O ex-jogador e agora técnico sempre foi uma voz marcante na luta antirracista. Se primeiro era dentro de campo, virou personagem também depois de pendurar as chuteiras. É um dos maiores apoiadores do Observatório Racial do Futebol, dirigido por Marcelo Carvalho, amigo do técnico.
— Hoje, o futebol está descobrindo que o racismo não é só quando alguém chama uma pessoa negra de macaco. O racismo está quando a gente olha para os clubes de futebol e a gente não vê pessoas negras no espaço de gestão em comando. Quando a gente não vê treinadores negros. Como a gente não vê gestores negros. Por que o Roger hoje não é só uma inspiração para que a gente sonhe em ser jogador de futebol, ele é uma inspiração para quem também sonha em ser treinador de futebol, em ser gestor de futebol — afirmou Carvalho.
Dos seus quase 50 anos — completa em 2025 —, o treinador passou também a ajudar projetos paralelos, como o "Diálogos da Diáspora", que visa publicar livros de diversas áreas do conhecimento, de dentro e fora da academia, para dar voz a quem nunca teve.
— O Roger traz para a realidade algo que certamente algumas pessoas preferem silenciar.

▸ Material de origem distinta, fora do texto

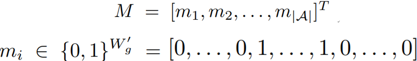 图2 自适应视觉匹配的架构。本文将文本识别问题转化为文本行图片中字形样本的视觉匹配问题。左图:体系结构图。视觉编码器 Φ 嵌入字形 g 和文本行 x ,并生成相似性映射S,该映射S对每个字形的相似性进行评分。然后,解决(潜在)不完全视觉匹配中的模糊性,以产生增强的相似性映射S*。最后,使用M中包含的真实字形宽度,将相似性分数聚合到输出类概率P。右图:说明字形宽度如何编码到模型中。字形宽度带(顶部)的高度与其相应字形示例的宽度相同,其标量值是以像素为单位的字形宽度。字形宽度映射(底部)是一个二进制矩阵,字母表A中的每个字符都有一列;这些列通过将相应的行设置为非零值(=1)来指示字形线图像中字形的范围。

É mais fácil silenciar. Ele faz jus à sua origem, à sua consciência. E mostra que a sua responsabilidade social está acima. A gente vê cada vez mais alunos negros e indígenas no espaço universitário. E a gente viu que o mercado editorial não seguia na mesma velocidade. E foi em torno desse desejo de abrir o mercado editorial para promessas, para futuros autores e autoras, que a gente criou isso — conta Tadeu de Paula, coordenador da coleção Diálogos da Diáspora e amigo de Roger.

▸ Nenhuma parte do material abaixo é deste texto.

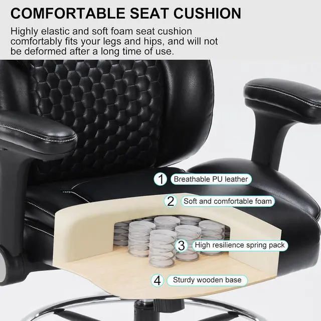 Premium Comfort & DurabilityThis standing desk chair features high-grade PU leather that combines skin-friendly breathability with exceptional scratch resistance for easy maintenance. The waterfall-edge seat utilizes dual-layer high-resilience foam cushioning - offering cloud-like softness while preventing deformation, delivering superior thigh pressure relief and lasting comfort for extended sitting sessions.

Da literatura para a música, o espectro cultural do treinador foi aflorado por sua família, sempre com a negritude sendo o fio condutor entre tudo isso.

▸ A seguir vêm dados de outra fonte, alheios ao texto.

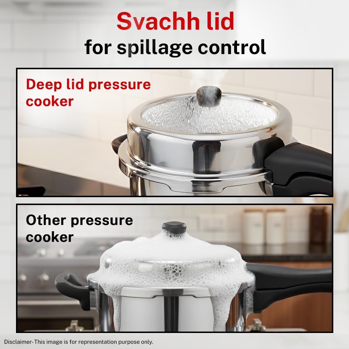 The Prestige Deluxe Alpha Svachh Pressure cookers are made using the best quality Stainless steel which makes it perfect for any kitchen Its unique Alpha base is designed for even distribution of heat and is also induction compatible What's more it also features built-in safety mechanism in the form of pressure indicators safety plug and controlled Gasket-release system Also the Svachh lid contains any spillage that might occur during the course of cooking and prevents the messy liquid from dripping down So go ahead and bring home the Deluxe Alpha Svachh Stainless Steel Pressure cooker it's yet another Prestige Product you can trust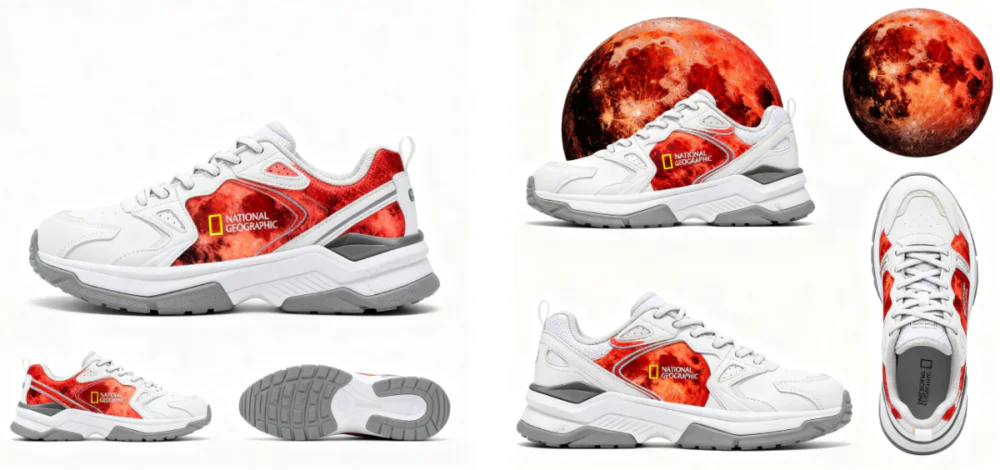我们先拿这两天刷屏的红月亮,融合到球鞋设计中。

— Eu li e comecei a cultivar o hábito da leitura. É o gosto, mas é transformar em hábito. Quero poder construir isso em outros. Ler me deixou muito mais crítico sobre a vida, sobre tudo. Hoje, talvez os quilombos modernos sejam as escolas de samba, como lugares de resistência da cultura negra — ressaltou em entrevista ao ge.globo em 2022, quando ainda treinava o Grêmio.
Não por acaso, a Imperatriz Dona Leopoldina escreveu um samba-enredo para o carnaval 2025 com a seguinte temática "A cor do futebol - A Imperatriz marca um gol contra o preconceito racial", inspirado muito pelo comandante do Inter, mas também com a marca da família Machado.
— Sendo o único treinador da Série A do Campeonato Brasileiro, de um time gaúcho, de um time porto-alegrense, caracterizado por ser o time do povo, que tem a mascote negro e que por vezes foi chamado de macaco, o Roger merece estar em um lugar de destaque no nosso desfile para provar para essas pessoas que o lugar do negro não pode ser delapidado. Ele deve hoje ser encarado como um lanceiro negro — defende Luiz Augusto Lacerda, carnavalesco da Imperatriz Dona Leopoldina e primo de Roger.
"É flecha certeira na intolerância
Real negritude a enfrentar
Denunciar essa tamanha ignorância
Coragem de virar o jogo
Sigo a te "observar"
A luta não pode parar" é o que diz trecho do samba composto pelo "Samba dos Guris", que estará no Porto Seco no ano que vem. Versos cantados, mas que poderiam ter sido ditos e escritos por Roger. Homem, técnico e negro. Exemplo de uma voz do presente, criada no passado, que vai ressonar no futuro.